Voyager Presents Robust Preclinical Data
Voyager Therapeutics, Inc., a biotechnology company dedicated to leveraging genetics to treat neurological diseases, today reported new data from its two preclinical programs targeting tau for the treatment of Alzheimer’s disease (AD). Data on tau silencing gene therapy VY1706 and anti-tau antibody VY7523 will be presented at the upcoming 2025 International Conference on Alzheimer’s and Parkinson’s Diseases and Related Neurological Disorders (AD/PD™ 2025), taking place April 1-5, 2025, in Vienna.
“Emerging data continue to strengthen our conviction that tau is the next critical target in Alzheimer’s disease, which supports Voyager’s advancement of both antibody and gene therapy approaches,” said Toby Ferguson, M.D., Ph.D., Chief Medical Officer of Voyager Therapeutics. “When I look across the design of these two molecules, the preclinical data each has generated, and the emerging clinical profile for our antibody, I believe our anti-tau antibody and gene therapy each have the potential to be transformative for patients.”

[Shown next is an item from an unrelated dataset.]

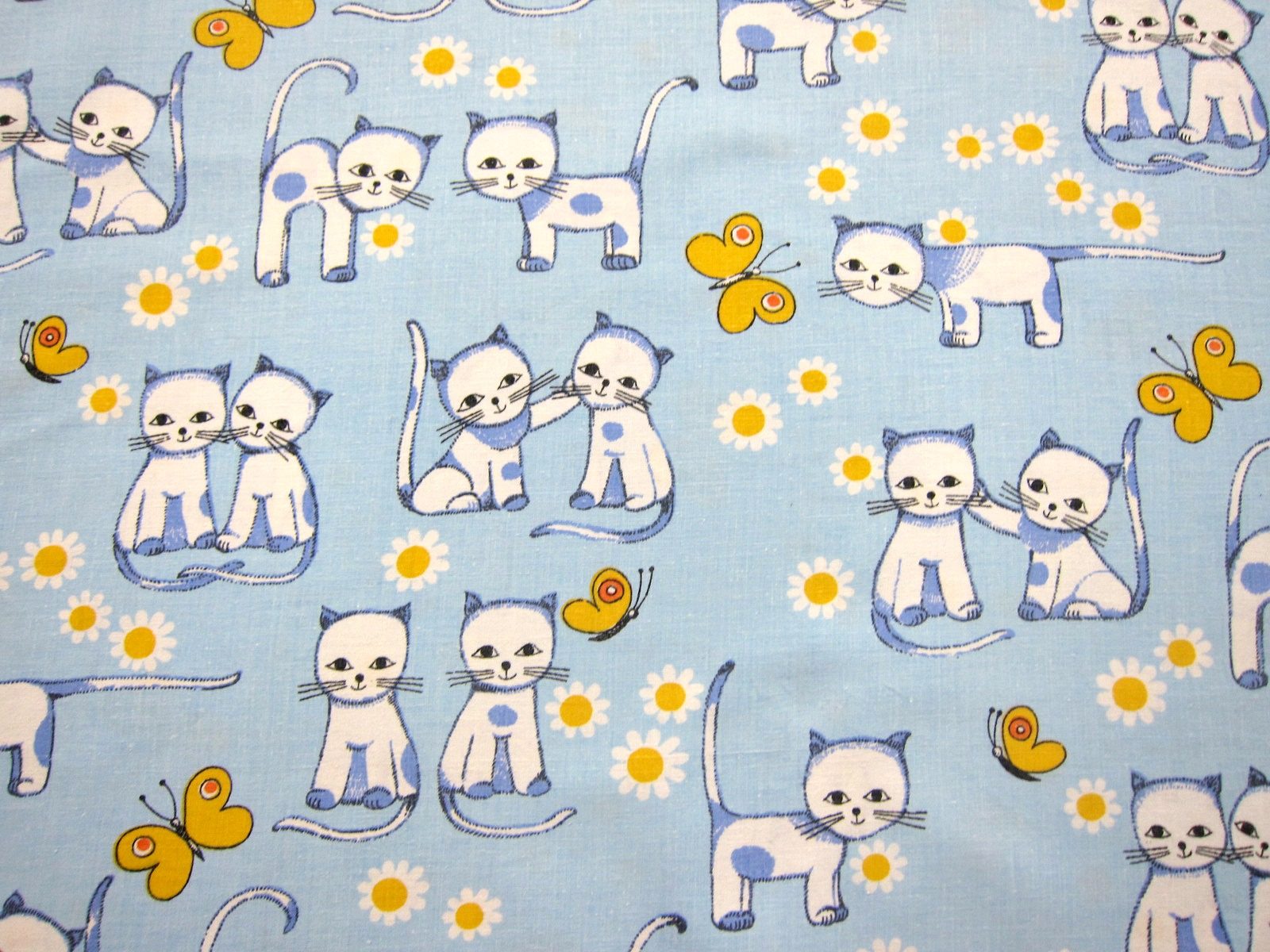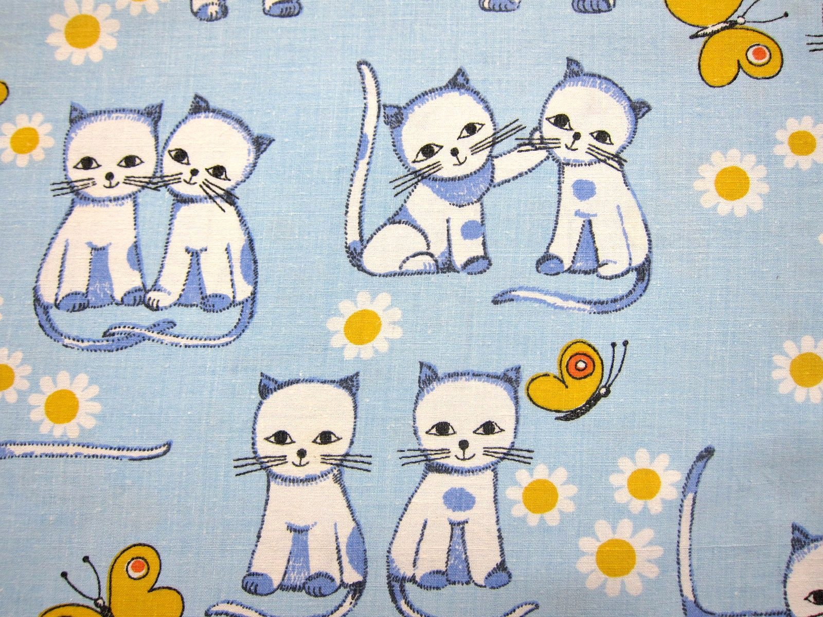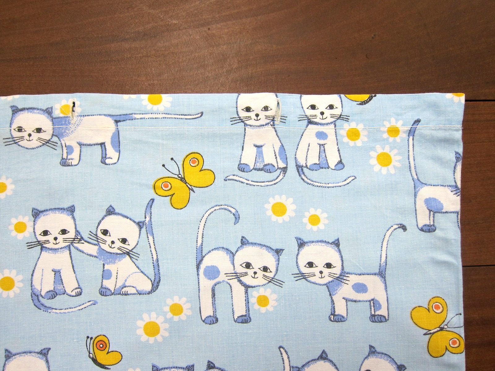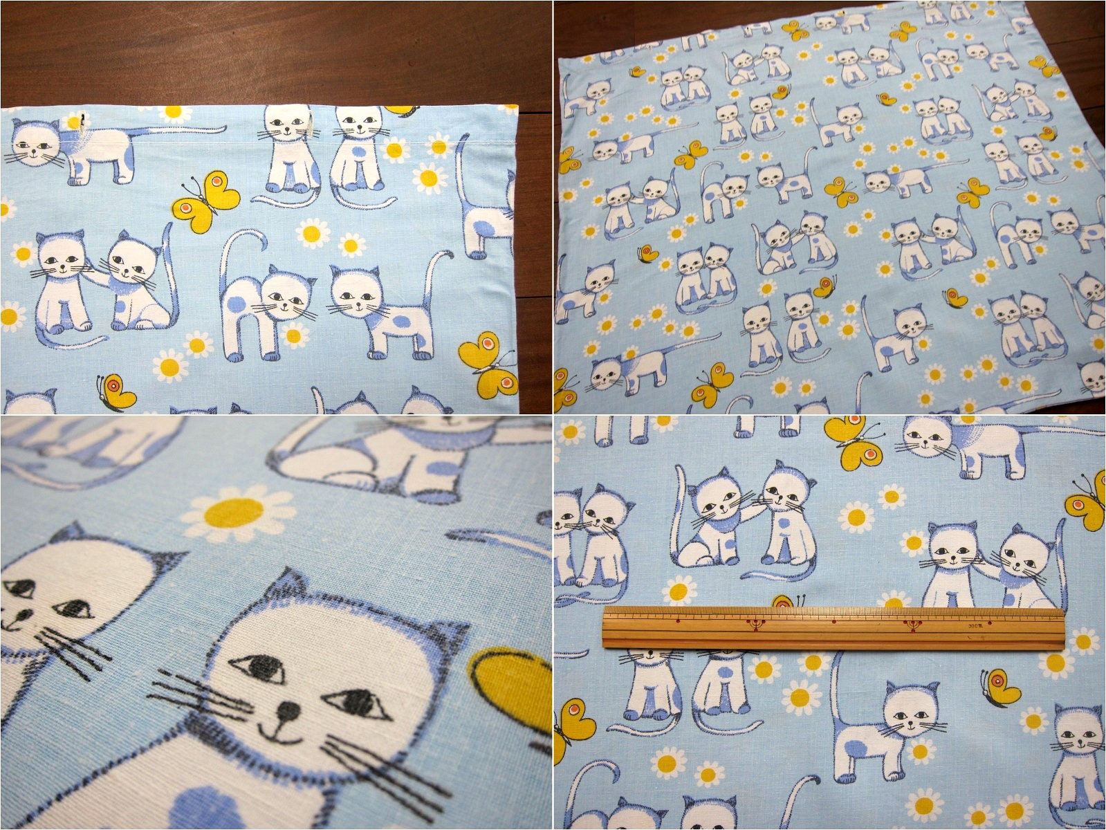 ほんわりした水色に、レトロで可愛らしいネコのイラストが入ったヴィンテージピローケース。 DDR時代のものです。 お花や蝶々のモチーフも入っています。

New preclinical data show that the murine version of Voyager’s VY7523 demonstrates selectivity for binding pathologic tau tangles. Additionally, Voyager assessed several anti-tau antibodies using a P301S mouse hippocampal seeding model of tau spread. Antibodies that bind the N-terminal of tau and previously failed to achieve their primary endpoints in clinical studies also failed to significantly reduce tau spread in the model. Conversely, the murine version of Voyager’s VY7523, which targets the C-terminal of tau, reduced tau spread in the model, as did a third-party mid-domain antibody that has been shown to reduce tau accumulation in a clinical trial. Voyager is currently assessing VY7523 in a multiple ascending dose trial in patients with early AD and expects initial tau positron emission tomography (PET) imaging data in the second half of 2026.
About VY1706
VY1706 is an IV-administered gene therapy for Alzheimer’s disease that combines a potent siRNA construct to decrease the expression of tau with an IV-delivered, blood-brain barrier-penetrant TRACER™ capsid. In preclinical non-human primate (NHP) studies, a single IV administration of VY1706 was well-tolerated and resulted in dose-dependent knockdown of tau mRNA (44% to 73%) and tau protein (27% to 55%) broadly across the brain. Voyager anticipates filing an investigational new drug (IND) application with the U.S. Food and Drug Administration (FDA) and a clinical trial application (CTA) with Health Canada in 2026.
About VY7523
VY7523 is an IV-administered, recombinant, humanized IgG4 monoclonal antibody developed to inhibit the spread of pathological tau, which is closely correlated with disease progression and cognitive decline in Alzheimer’s disease. VY7523 is selective for pathological tau and targets a specific C-terminal epitope of tau. In preclinical in vivo studies, the murine version of VY7523 inhibited seeding and spread of pathological tau by approximately 70%. In a Phase 1, single ascending dose (SAD) clinical trial in healthy volunteers, VY7523 demonstrated a safety, tolerability, immunogenicity, and pharmacokinetic profile warranting advancement. Voyager is currently assessing VY7523 in a multiple ascending dose trial in patients with early Alzheimer’s disease and expects initial tau PET imaging data in the second half of 2026.